You haven’t actually held office for almost sixteen years. What ran through your mind as you took that oath in January?
It didn’t seem strange to me. It has a certain historic quality. The first time I went to a swearing-in was at City Hall in San Francisco in 1943, when my father was sworn in as the district attorney.
You said during the campaign that being mayor is more real in some ways than being governor or president.
I guess the more accurate word is more concrete. There is a human face on issues for a mayor. I can walk up the steps of a local high school, for example, walk down the hall and see the principal. Governors and presidents are in a media space that has an artificially to it — it’s about performing, as opposed to doing.
Do you see yourself in any way as part of a trend of higher-profile mayors — Rudolph Giuliani in New York, Richard Riordan in Los Angeles?
Certainly I would like to be in the company of mayors whom people are looking at, because we need people to look at Oakland.

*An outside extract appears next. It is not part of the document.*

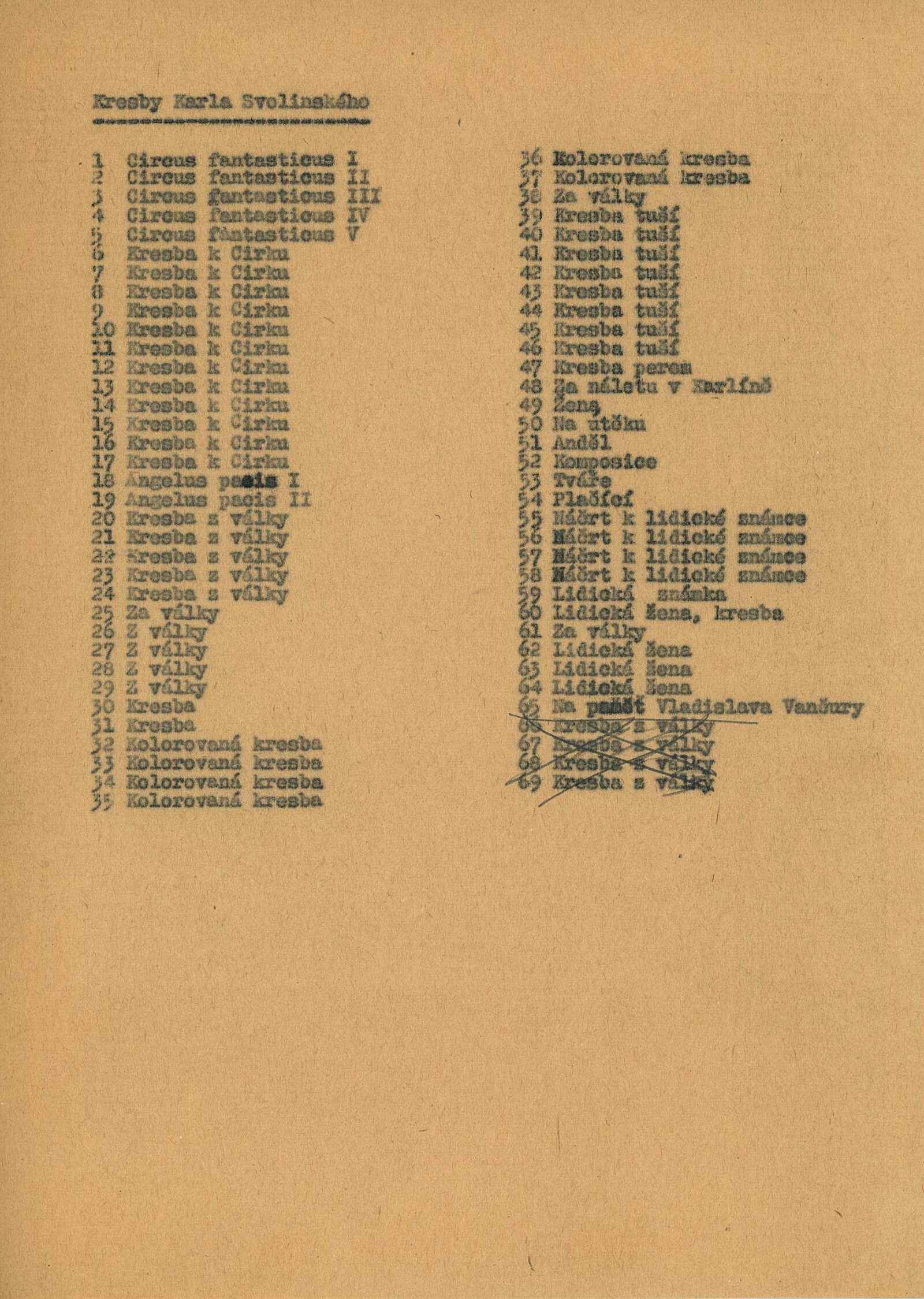 společná pozvánka s DU 66, společný tištěný seznam vystavených prací (K 195, viz DU 64), seznam vystavených prací, fotografie z výstavy, korespondence (o článku v časopisu Blok), kresebný návrh pozvánky (Karel Svolinský, návrh nebyl použit)

That’s part of why people voted for me.
What are your primary objectives?
I’m concentrating on four goals: reducing crime, supporting school reform, making downtown residential and emphasizing artistic culture.
Within a week of your swearing-in, a sniper shot and killed a policeman. How did that affect the beginning of your administration and the way you are focusing on crime?
First of all, it got our attention. Here was an African-American officer with a young wife and family gunned down for no reason. And that underscored the importance of Crime as an issue here. Whatever other social ills have to be dealt with, the fact is that people get robbed and mugged and ripped off and killed in Oakland. And in order to change that, there must be an actual, significant reduction in thefts, in robberies, in burglaries and in murders.
What can a mayor do about that?
First, make crime reduction a clear priority. This hasn’t been done, as far as I know. A mayor can have an impact by introducing technology, recruiting more police officers, emphasizing local recruitment and giving life to the neighborhood crime-prevention councils. I believe that there’s a tone, a direction and a management that I can bring to this.
You suggested in your inaugural address that Oakland will be made safer than the [nearby] suburban community of Walnut Creek. There were no murders in Walnut Creek last year and eighty-one in Oakland. Were you being hyperbolic?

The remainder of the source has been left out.